My head started to throb. I wanted to curl up in my bed under a warm blanket, but I made myself stay at the window as Mama and Marie, swathed in thick furs, woolen scarves, and gloves, stepped out into the palace courtyard. Count Benckendorff, a stiff old soldier, went with them. Some of the guards were kneeling in the snow with their rifles raised, and more guards stood behind them, also ready to fire. Mama and Marie walked up and down between the rows of soldiers, stopping often
to talk to them.
When my mother and my sister came back inside, stamping their feet and blowing on their numb fingers, Mama looked almost happy. “They’re our friends!” she exulted. “I’ve told the officers to allow the men into the palace to warm themselves with hot tea.”
That night I slept fitfully. I kept hearing gunshots, and when I crawled out of bed the next morning, I discovered that a huge gun had been set up in the courtyard. What a surprise that would be for Papa! Mama kept assuring us that he would certainly arrive that morning. Everything would be better once he was here.
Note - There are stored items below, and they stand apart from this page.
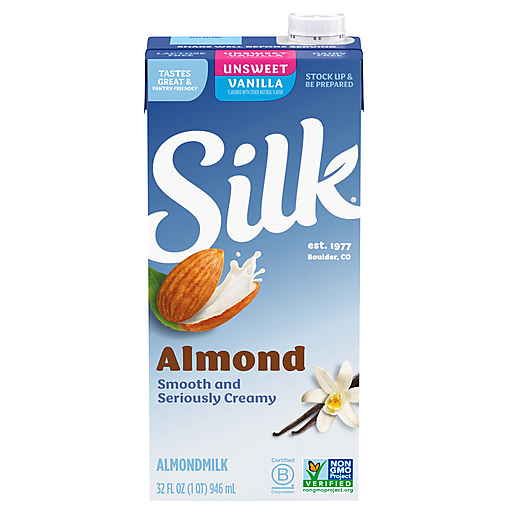 Bring the creamy goodness of almondmilk to your pantry with Silk Shelf-Stable Unsweetened Vanilla Almondmilk. Featuring a delicate vanilla taste and just 30 calories per serving, this unsweetened almondmilk is delicious whether it’s poured over cereal, added to your favorite recipes, or enjoyed straight out of the glass. It makes a perfect non-dairy alternative to milk, and is totally free of dairy, soy, lactose, gluten, casein, egg, and MSG. Silk Almondmilk provides vitamin E and contains 50% more calcium than dairy milk.* And since it comes in special, shelf-stable packaging, this unsweetened vanilla nutmilk will keep fresh at room temperature, unopened, until the date code: no refrigeration necessary!
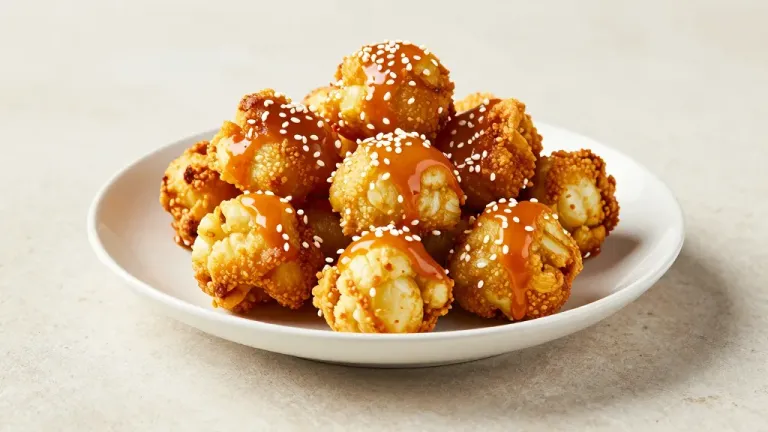 Golden-brown fried cauliflower bites are clustered on a white plate, coated in a glossy amber glaze and sprinkled with dry sesame seeds, showcasing a crispy exterior and implied soft interior. Soft diffused overhead lighting creates subtle highlights on the glaze and seeds, with shallow depth of field and a neutral beige background enhancing subject focus.
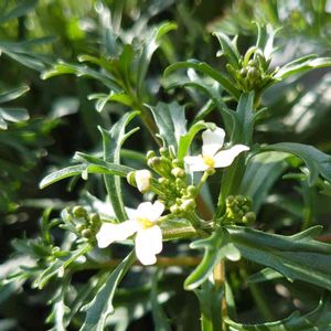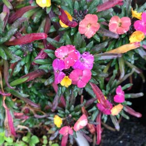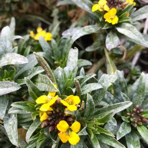 一年前に買ったエリシマム🌼 夏枯れすることが多いので一年草扱いらしいのですが、夏を越して年末から少しずつ咲きだしました。 バラの消毒がかかって白ブチです💧
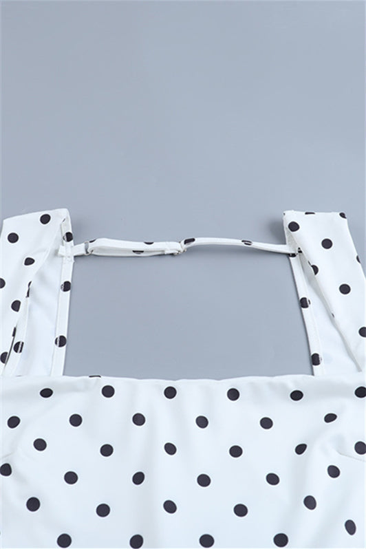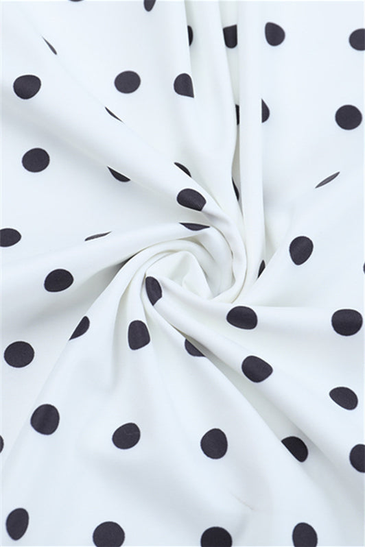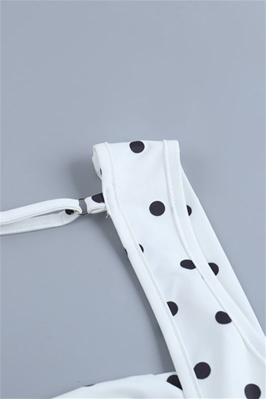 White Polka Dots Open Back Maxi Dress with Bow
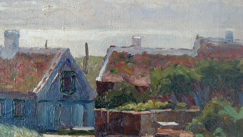 Hans Kruuse (1893-1964): Klitparti fra Skagen med vue ud over huse. Olie på lærred Nyrenset. Sign.: H. Kruuse Messingskilt - Hans Kruuse. 38x50 (49x61)
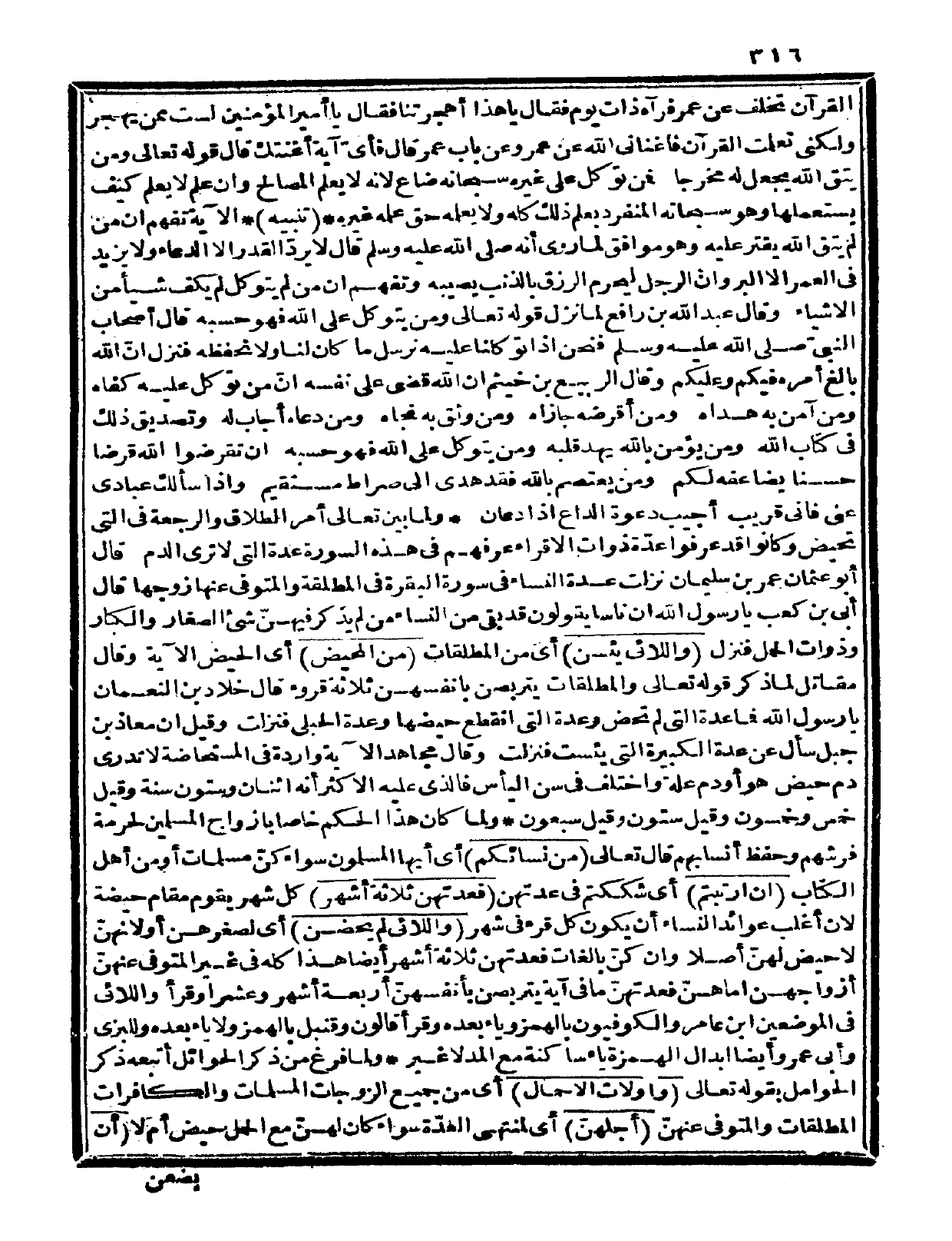 القرآن تخلف عن عمر فرآه ذات يوم فقال: يا هذا أهجرتنا؟ فقال: يا أمير المؤمنين لست ممن يهجر، ولكني تعلمت القرآن فأغناني الله عن عمر وعن باب عمر، قال: فأي آية أغنتك قال: قوله تعالى: {ومن يتق الله يجعل له مخرجاً} فمن توكل على غيره سبحانه ضاع، لأنه لا يعلم المصالح وإن علم لا يعلم كيف يستعملها، وهو سبحانه المنفرد بعلم ذلك كله ولا يعلمه حق علمه غيره.
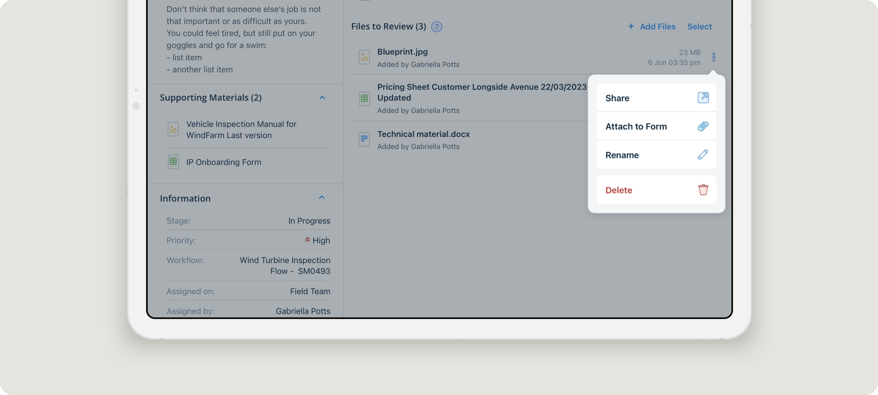 In any workflow, tasks often come with supporting files, images, and additional data that provide crucial context to the task.
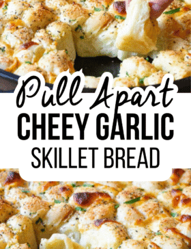 Simple Cheesy Garlic Pull-Apart Bread recipe made in a skillet! This tantalizing party snack makes little bites of cheese bread perfect for dipping.
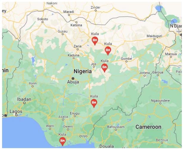Fig. 3: Location of Kula in the Nigerian map. (Pacheco Pereira, 1505-1520)
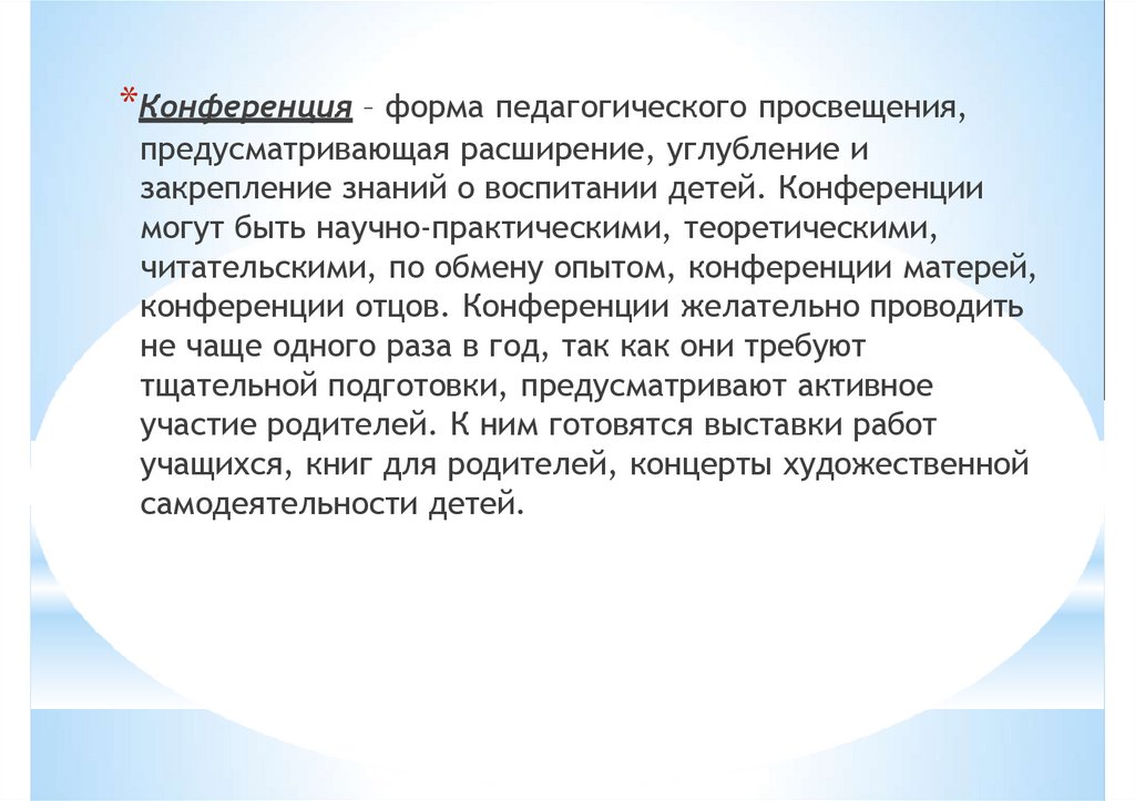 *Конференция – форма педагогического просвещения,предусматривающая расширение, углубление и
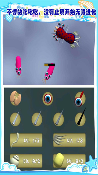 《迷你昆虫世界》是一款卡通风格的休闲模拟类手机游戏,用简单有趣的动画生动的呈现细胞进化的奇妙过程。游戏玩法很自由,细胞都是可以自由定义的,给它们加上眼睛、嘴巴以及钳子或者脚等,接下来就是保证它们能够成长和安全进化,消灭它们的各种天敌,战斗过程很紧张,吞噬更多的食物或者其它生物,经历重重困难完成升级,最终会变成意想不到的强大物种,游戏图形很精致,玩起来很愉快。

But still he didn’t come, and everything was getting steadily worse. The soldiers who had been protecting us began to desert, going over to the other side. The electricity and water had been cut off. Without electricity, the elevator didn’t operate, and Mama, whose rooms were on the first floor, had to be half-carried up the stairs to our bedrooms on the second floor, where Olga and Tatiana and Alexei lay ill. We lit candles in our rooms, but the halls were dark as a moonless night. Servants broke the ice on the pond and melted it for cooking and drinking.
I willed myself not to get sick, but I knew that I was. Marie, too, looked feverish.
Some of our servants who had gone into Petrograd before the trains were stopped managed to make their way back to Tsarskoe Selo. A few borrowed horses; others walked, arriving cold and exhausted with blisters on their feet. They came to Mama’s room to show her the printed leaflets they said were being handed out all over Petrograd.
“I do not believe it!” Mama cried, and shredded a leaflet into pieces. “I will not believe it! It’s nothing but a vicious rumor.”
Marie picked up a leaflet and read it. Weeping, she handed it to me.
Angry red headlines announced that Tsar Nikolai Alexandrovich had abdicated, Grand Duke Mikhail Alexandrovich had renounced his claim to the throne, and a Provisional Government had been established.
My mind was fuzzy. Perhaps it was the fever. I couldn’t think properly. Abdicated? What did it mean, exactly? What had Uncle Misha to do with it? What was a Provisional Government? Papa was the government, wasn’t he? Papa was the tsar!
Except that now, if what was in the leaflets was true, he wasn’t the tsar anymore. How could that be?
In a voice thick with tears, Lili tried to explain. “If it’s true, it means that your father has given up his throne, relinquished his power. He is no longer the emperor, the tsar.”
“But what about Lyosha? Isn’t he the tsarevich? Isn’t he supposed to be the next tsar, after Papa?”
“Yes, we all hoped and prayed that he would be. I don’t know exactly what happened, but perhaps your papa understood that Lyosha is too young to be tsar, and he is often ill, and perhaps your papa then decided that it would be better to pass the crown to his younger brother, who is next in line after Lyosha. Then, for whatever reason—perhaps he was forced to do so—Mikhail Alexandrovich also gave up his claim. And now some sort of government is taking over.”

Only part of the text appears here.